Neurology, First published October 12, 2022, DOI: https://doi.org/10.1212/WNL.0000000000201336
【背景と目的】 認知症の症例は今後30年間で3倍になると予想されており、認知症の修正可能な危険因子を見つけることの重要性が強調されている。本研究の目的は、従来の食事勧告または修正地中海食の順守が、その後の全死因性認知症、アルツハイマー病(AD)、血管性認知症(VaD)の発症リスクの低下と関連するか、またはAD関連のβアミロイド(Aβ)病理学の将来の蓄積と関連するかを調査することである。
【方法】 スウェーデンの前向き集団ベースのMalmö Diet and Cancer Study(MDCS)のベースライン検査は1991~1996年に行われ,2014年まで認知症発症の追跡調査が行われた。1923-1950年生まれでマルメ市在住の認知症でない人に参加を呼びかけた。30,446人が採用された(全対象者の41%)。28,025人が食事データを持ち、本研究の対象となった。食生活は、7日間の食事日記、詳細な食事頻度アンケート、1時間のインタビューによって評価された。主なアウトカムは、メモリークリニックの医師が判定した全死因認知症、AD、血管性認知症の発症であった。副次的アウトカムは、脳脊髄液(CSF)Aβ42を用いて測定されたAβ蓄積であった(n=738)。食事と認知症発症リスクとの関連を調べるためにCox比例ハザードモデルを使用した(人口統計、併存疾患、喫煙、身体活動、アルコールで調整)。

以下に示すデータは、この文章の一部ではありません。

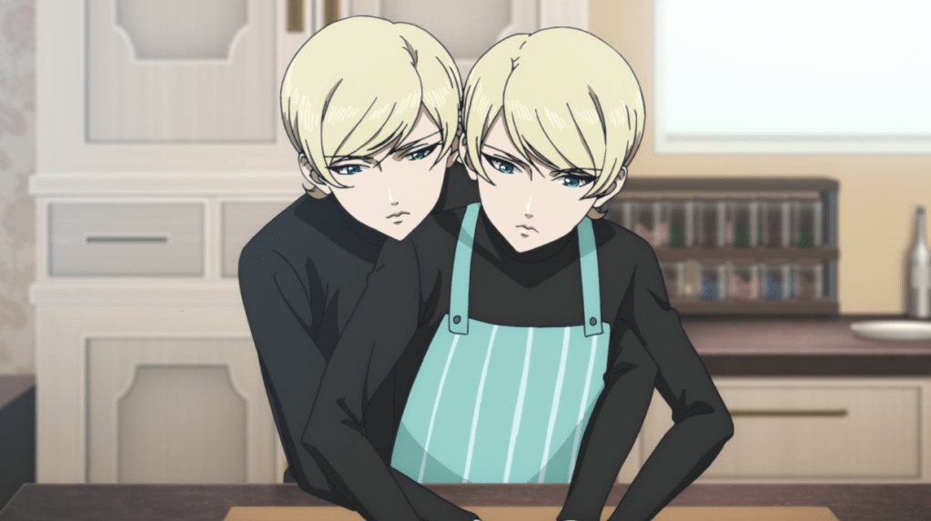 That’s the entire premise of what is easily the most bizarre series concept to come up so far this season. The whole episode is about how slickly Migi and Dali trade places, work together, and study their new parents to utterly ingratiate themselves to the old couple, sometimes resorting to acrobatic-level feats to pull the stunts off. A wonderfully creepy musical score gives the whole thing a certain flair, and viewers also have to always watch carefully for where the second twin might be hiding to listen in/await his opportunity. (The name choice they use for their apparent singular identity is also significant, as “Hitori” means “alone.”) Be sure to watch for the post-credits scene, which shows how thoroughly they scheme. Though a neat concept, I have to wonder how far the gimmick can actually carry the series.

【結果】61%が女性で、平均(SD)年齢は58.1(7.6)歳であった)。1,943人(6.9%)が認知症と診断された(追跡期間中央値、19.8年)。従来の食事勧告を遵守している人は、全原因認知症の発症リスクを低下させなかった(最も悪い遵守と最も良い遵守を比較したハザード比[HR]、0.93、95%CI 0.81-1.08)、AD(HR 1.03、0.85-1.23)またはVaD(HR 0.93、0.69-1.26)。修正地中海食の遵守は、全死因認知症(HR 0.93 0.75-1.15)、AD(HR 0.90、0.68-1.19)またはVaD(HR 1.00、0.65-1.55 )の発症リスクを下げることはなかった。5年以内に認知症を発症した人、糖尿病の人を除いても結果は同様であった。食事とAβの異常蓄積との間に有意な関連は認められなかった 従来の勧告 OR 1.28 (0.74-2.24) および修正地中海食。0.85 (0.39-1.84).
【考察】 この20年間の追跡調査では、従来の食事推奨と修正地中海食のいずれも、その後の全死因認知症、AD認知症、VaDまたはAD病理の発症リスク低減と有意な関連は認められなかった。